- Task to complete -
Although the data below holds other lines too, output only those from the line with "わーっ!ろうそく2本付いているわ。 美味しそう。 |" up to and including the line with "C’est une robe", exactly as they appear.

- Entries provided -

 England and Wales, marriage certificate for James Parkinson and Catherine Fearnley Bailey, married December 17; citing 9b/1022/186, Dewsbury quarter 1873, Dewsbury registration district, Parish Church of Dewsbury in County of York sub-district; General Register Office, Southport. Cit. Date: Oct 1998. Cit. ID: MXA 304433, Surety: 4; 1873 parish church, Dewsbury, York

...

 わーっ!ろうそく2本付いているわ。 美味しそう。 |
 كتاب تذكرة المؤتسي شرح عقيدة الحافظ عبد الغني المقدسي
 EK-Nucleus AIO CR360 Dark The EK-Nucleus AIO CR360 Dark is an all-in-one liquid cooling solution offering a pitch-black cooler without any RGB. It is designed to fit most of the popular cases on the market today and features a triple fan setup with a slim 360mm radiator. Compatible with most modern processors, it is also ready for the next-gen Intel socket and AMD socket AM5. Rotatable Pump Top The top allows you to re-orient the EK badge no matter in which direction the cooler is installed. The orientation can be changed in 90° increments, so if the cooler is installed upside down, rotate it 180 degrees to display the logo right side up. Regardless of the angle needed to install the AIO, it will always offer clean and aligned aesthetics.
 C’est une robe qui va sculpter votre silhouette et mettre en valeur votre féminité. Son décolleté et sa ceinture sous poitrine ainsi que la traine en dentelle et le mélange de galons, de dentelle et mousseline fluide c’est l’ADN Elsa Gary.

- Output -
 わーっ!ろうそく2本付いているわ。 美味しそう。 |
 كتاب تذكرة المؤتسي شرح عقيدة الحافظ عبد الغني المقدسي
 EK-Nucleus AIO CR360 Dark The EK-Nucleus AIO CR360 Dark is an all-in-one liquid cooling solution offering a pitch-black cooler without any RGB. It is designed to fit most of the popular cases on the market today and features a triple fan setup with a slim 360mm radiator. Compatible with most modern processors, it is also ready for the next-gen Intel socket and AMD socket AM5. Rotatable Pump Top The top allows you to re-orient the EK badge no matter in which direction the cooler is installed. The orientation can be changed in 90° increments, so if the cooler is installed upside down, rotate it 180 degrees to display the logo right side up. Regardless of the angle needed to install the AIO, it will always offer clean and aligned aesthetics.
 C’est une robe qui va sculpter votre silhouette et mettre en valeur votre féminité. Son décolleté et sa ceinture sous poitrine ainsi que la traine en dentelle et le mélange de galons, de dentelle et mousseline fluide c’est l’ADN Elsa Gary.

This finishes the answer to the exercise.